Assign the remaining largest numbers

$$|T|+1,\dots,n^2$$

to the vertices outside $T$.

The root $r$ is the unique valley.

Every vertex of $T$ different from $r$ has exactly one smaller neighbor in $T$, namely its parent. Consequently its $B$-value equals $1$.

Every vertex outside $T$ is adjacent only to vertices of $T$, because the complement of $T$ is independent. Hence all its smaller neighbors have $B$-value $1$.

Therefore the hypotheses of Lemma 3 are satisfied.

By Lemma 3, the total number of uphill paths equals

$$2n(n-1)+1.$$

Combining this with Lemma 2 yields

$$\min S = 2n(n-1)+1 = 2n^2-2n+1.$$

Thus the smallest possible total number of uphill paths is

$$\boxed{2n^2-2n+1}.$$

Equality holds for the construction described above.

Verification of Key Steps

The first delicate step is the recurrence

$$B(v)=\sum B(u).$$

A careless argument might count only the existence of smaller neighbors. The exact equality requires proving that every uphill path ending at $v$ has a unique penultimate cell and that extending paths from different penultimate cells cannot produce the same path.
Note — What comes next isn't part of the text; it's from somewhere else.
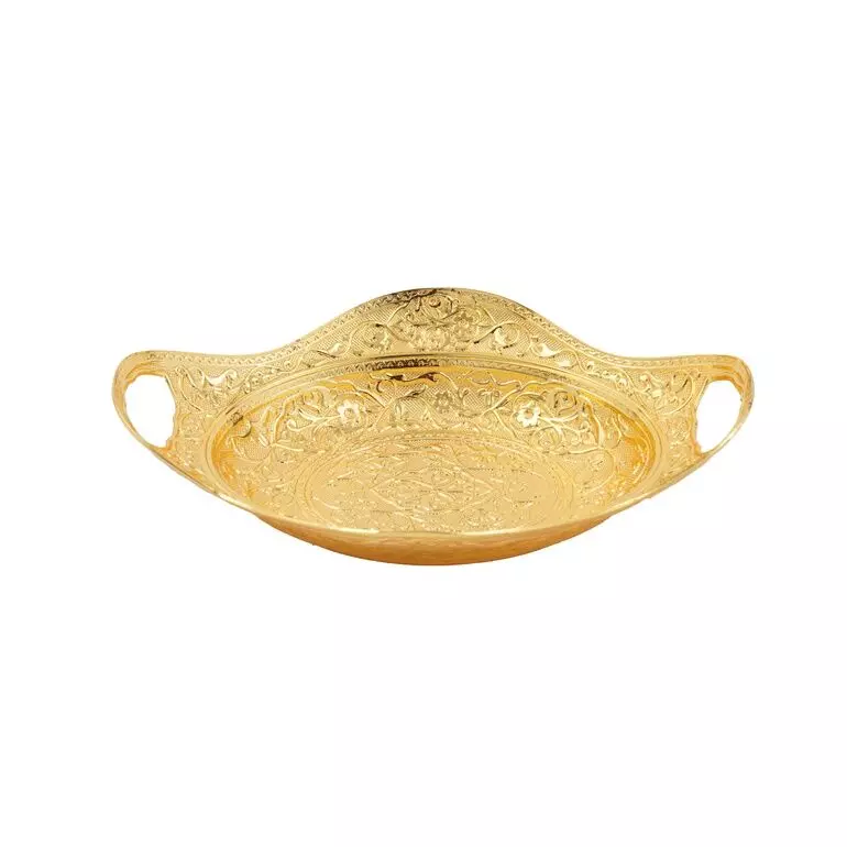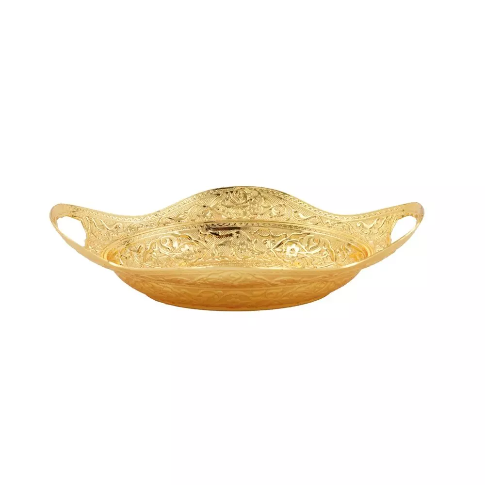 طبق تقديم مصنوع من الحديد باللون الذهبي, يمكن أن يستخدم للضيافة أو للديكور في غرفة المعيشة أو على طاولة الطعام.

The second delicate step is the counting of adjacent pairs. For every adjacent pair, exactly one endpoint contains the larger number. The pair contributes exactly once to

$$\sum d(v).$$

If one counts both endpoints, the total becomes twice as large and the lower bound is incorrect.

The third delicate step is the extremal construction. The crucial property is not merely that the complement of the tree is sparse. It must be an independent set. Otherwise two cells with $B>1$ could become adjacent, creating extra contributions in the recurrence and preventing equality.

Alternative Approaches

A different route begins directly with downhill paths. For every adjacent pair of cells, start at the larger one and repeatedly move to a smaller adjacent cell until reaching a valley. Reversing the resulting downhill path produces an uphill path. This immediately gives the lower bound

$$2n(n-1)+1.$$

The remaining task is to construct a board for which every uphill path of length at least $2$ arises in exactly one such way.
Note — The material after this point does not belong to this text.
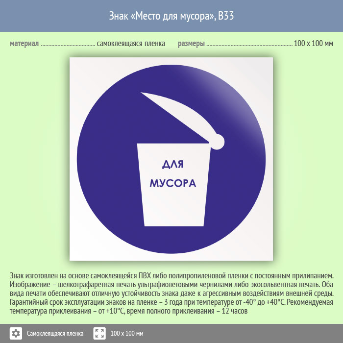 Знак «Место для мусора», B33 (пленка, 100х100 мм) в Новокузнецке купить

Another approach is the shortlist formulation using the board $B$ of path counts. One proves that the sum of all entries of $B$ is the number of uphill paths and then minimizes this sum under the recurrence from Lemma 1. The extremal configuration corresponds to making all nontrivial entries of $B$ isolated from one another. This viewpoint leads naturally to the spanning-tree construction and is the approach used in the official solution.